WHAT NEEDS TO BE DONE
Without adding anything, give again the lines from the one holding "Generative AI Cinnamon" through the final line of the records, exactly, with both ends included and pictures dropped.
Start of Block
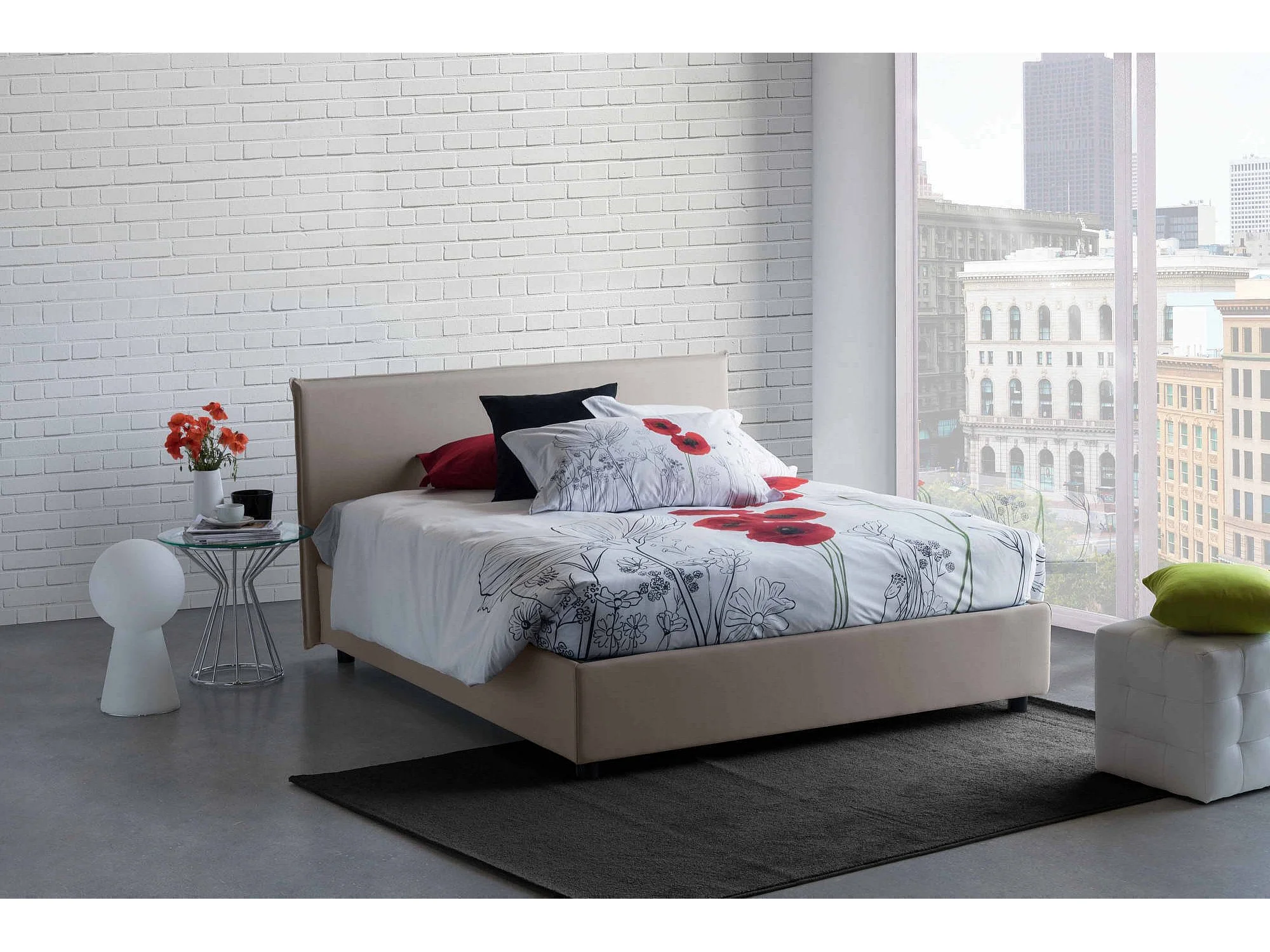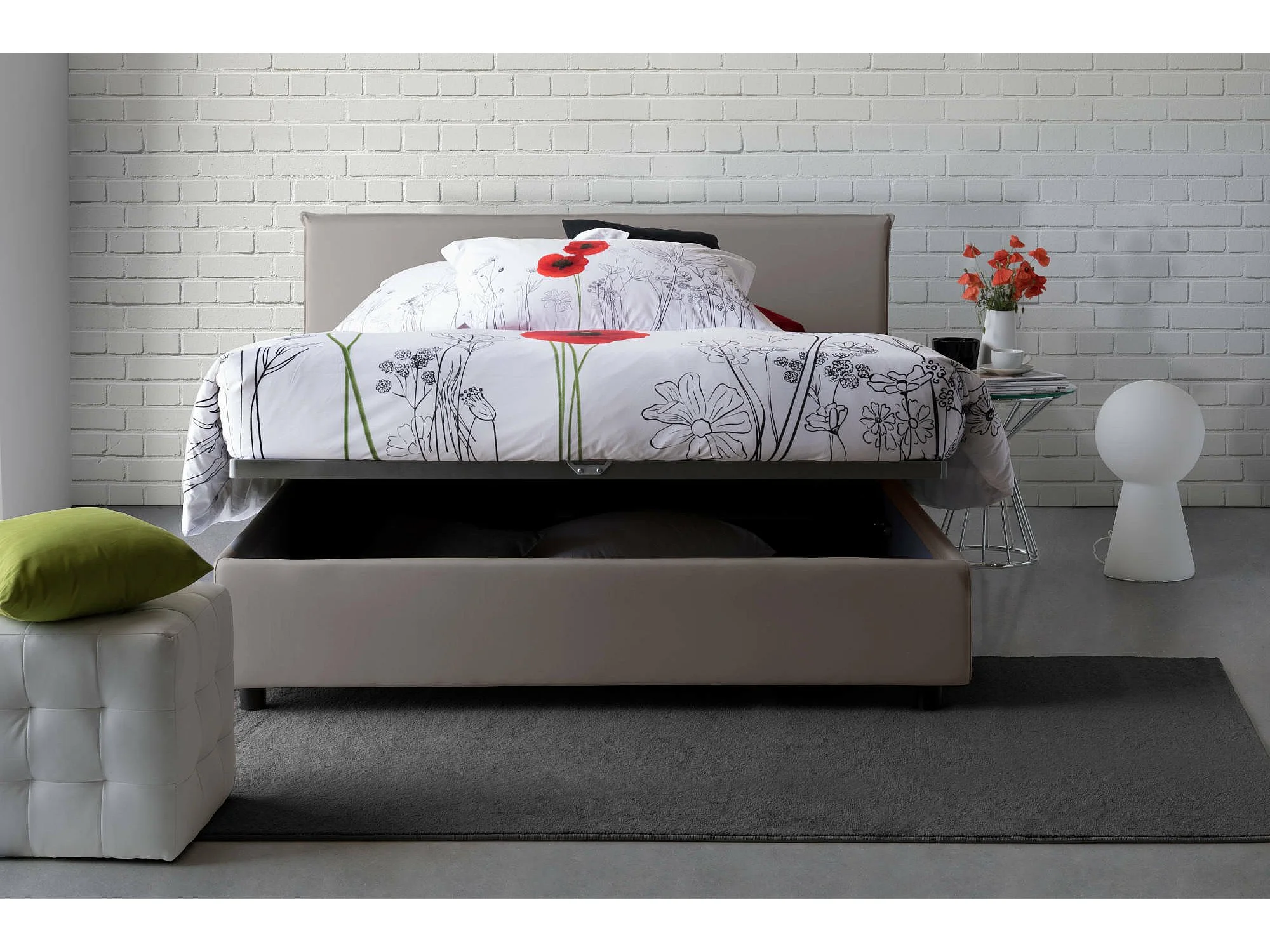 Cama de casal Dangel, Cama de armazenamento com forro de tecido, 100% Fabricado na Itália, Abertura frontal, adequada para colchão 160x200 cm, cinza pomba
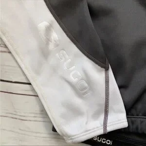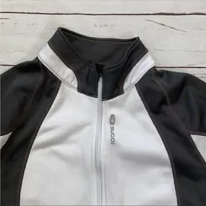 Sugoi Zip Up Jacket. Fleecy on the inside. Has a couple of marks. One on arm and one behind the arm. Please see pictures. Size S
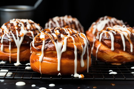 Generative AI Cinnamon rolls with swirls of aromatic spices, topped with a cream cheese glaze, cooling on parchment paper
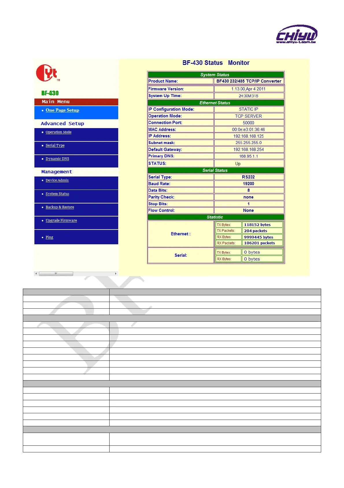 Product Name Display the product name:BF-430 232/485 TCP/IP Converter
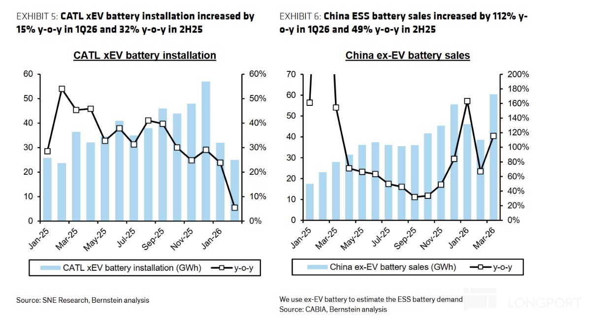 一季度公司動力電池出貨約150GWh,同比增速高達56%;同期國內新能源車銷量增速僅爲-4%。兩者之間形成了巨大的“增速剪刀差”,也進一步驗證了“單車帶電量提升與結構化增量”的邏輯正在兌現。
End of Block
ANSWER TO THIS PROBLEM
 Generative AI Cinnamon rolls with swirls of aromatic spices, topped with a cream cheese glaze, cooling on parchment paper
 Product Name Display the product name:BF-430 232/485 TCP/IP Converter
 一季度公司動力電池出貨約150GWh,同比增速高達56%;同期國內新能源車銷量增速僅爲-4%。兩者之間形成了巨大的“增速剪刀差”,也進一步驗證了“單車帶電量提升與結構化增量”的邏輯正在兌現。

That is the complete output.